KOLKATA (TIP): The lower interest rate cycle in India, which began in April last year, has probably lasted as long as the recent Australian first innings at Lords. As the rupee crumbles and a desperate government lurches from one crisis to another, the middle-class’ hopes of cheaper home and auto loans have quietly been snuffed out, leaving thousands of lower and middle-income households at the mercy of relentless market forces that are beyond control.

YES Bank raised its base lending rate by 25 basis points to 10.75% and fixed deposit rates by 25-50 basis points, effective August 1. And Axis Bank, the third-largest private lender, raised deposit rates by up to 400 basis points for select maturities. Smaller banks such as Development Credit Bank and Ratnakar Bank have also raised deposit rates. 100 basis points equals 1 percentage point. YES Bank has led the sectoral reversal at a time lenders are battling high cost of short-term funds.

For years, they binged on short-term money, taking advantage of benign rates. Unlike their bigger private and public sector peers, these banks did not have big branch networks that could attract cheap retail deposit money. But now the party is over. After the central bank squeezed liquidity and raised short-term rates last week, lenders have been forced to do what was considered unthinkable three months ago: Raise deposit rates to attract retail money. A recent report of India Ratings & Research said the Indian banking system’s dependence on short-term liabilities has grown to a point where refinancing pressures could hurt margins, unless rebalanced.

It said deposits maturing in less than one year formed over 45% of total deposits in 2013, up from 33% in 2002. A significant part of these deposits had maturities less than six months and, for some banks, included a growing share of wholesale money market borrowings. “Banks that largely rely on wholesale and shortterm funding are affected the most and are forced to raise interest rates. Many of them have increased rates to attract retail depositors,” India Ratings & Research Senior Director Ananda Bhowmik said.

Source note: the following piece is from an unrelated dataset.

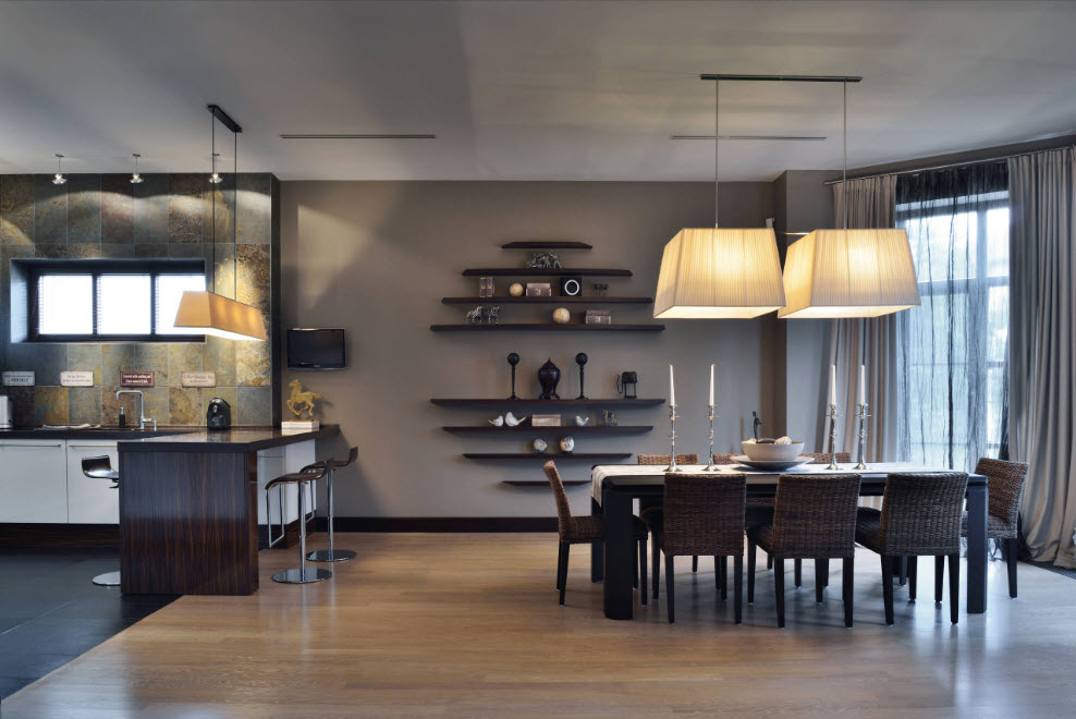 Яркими элементами роскошной лаконичной кухни без излишеств стали барная стойка, оригинальная композиция из полок, благородная отделка из камня а также пару элегантных бельгийских светильников над столовой зоной.

YES Bank’s Deputy CFO & Group President for financial management Jaideep Iyer said the rate hike decision is in sync with the market, but denied dependence on short-term funding. “More than 86% of deposits come from individuals with ticket size of less than 0.2% of our deposit base. We have a lot of granularity and a sustainable funding profile. We do not have a strategy of relying on shortterm funding.” The bank said short-term corporate deposits constitute less than 10% of its total deposits and less than 6% of funding.

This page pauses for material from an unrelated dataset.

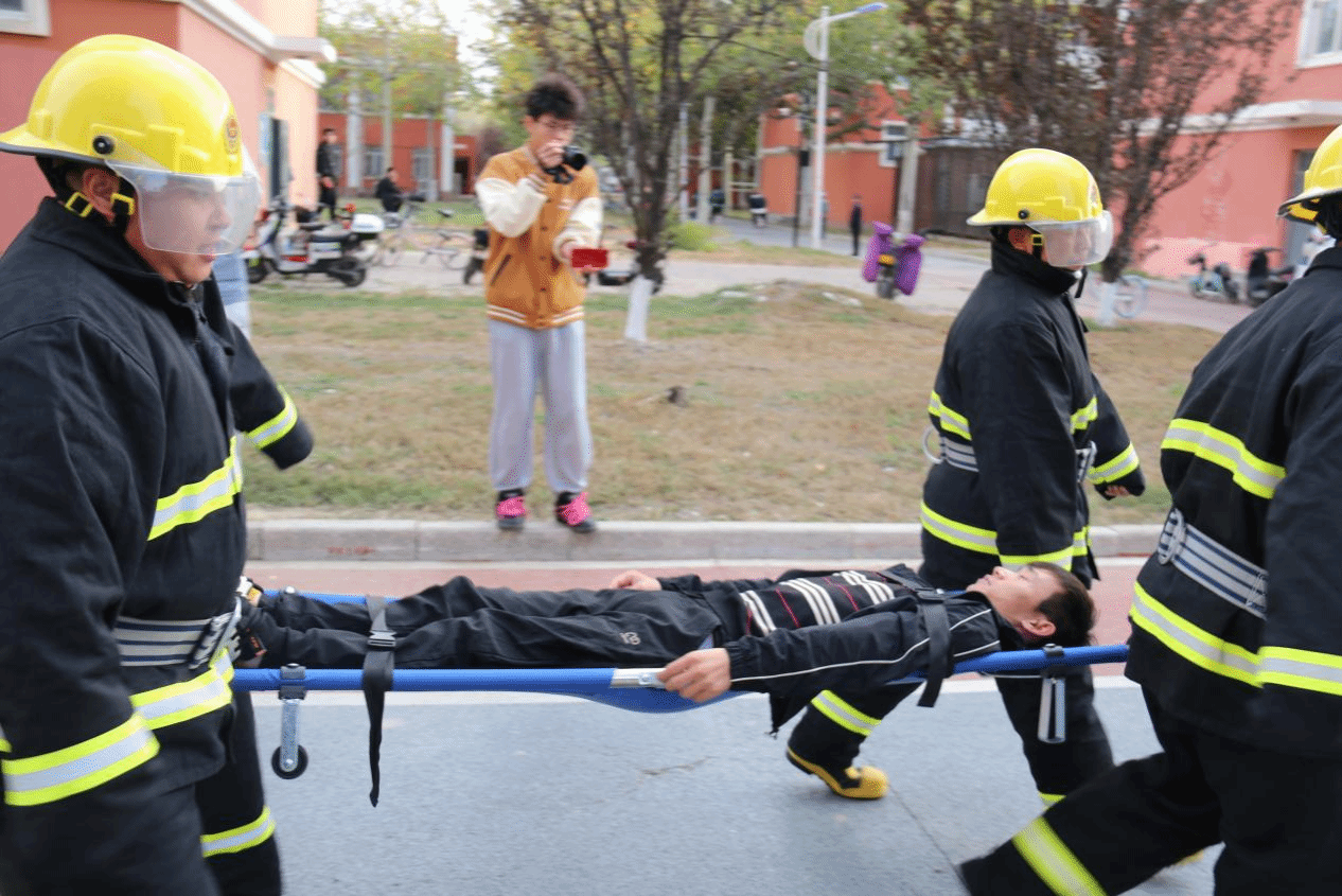 本次演练活动模拟当高层公寓内因违规使用明火引发火情的突发状况,考验同学们的应急自救互救能力和学院应急处置水平。当消防应急广播响起后,参加演练的同学们在学生安全志愿者的引导下,用湿毛巾掩住口鼻,迅速、有序从楼内步梯撤离。同时学院保卫处应急处突小分队在接警后,迅速出动,搜救被困同学,扑救初起火情。参演同学们从容不迫、秩序井然;处突队伍快速反应,果断处置。

Its current and savings account share is 20.2% as of June while public sector banks, which have extensive branch networks, typically enjoy a higher CASA ratio. Current and savings bank deposits are less costly for banks and hence a higher ratio means better profitability. An Axis Bank spokesperson was more guarded, but direct. “This increase in interest rates on term deposits has been carried out to take into account current money market conditions and to align it to prevailing market rates.”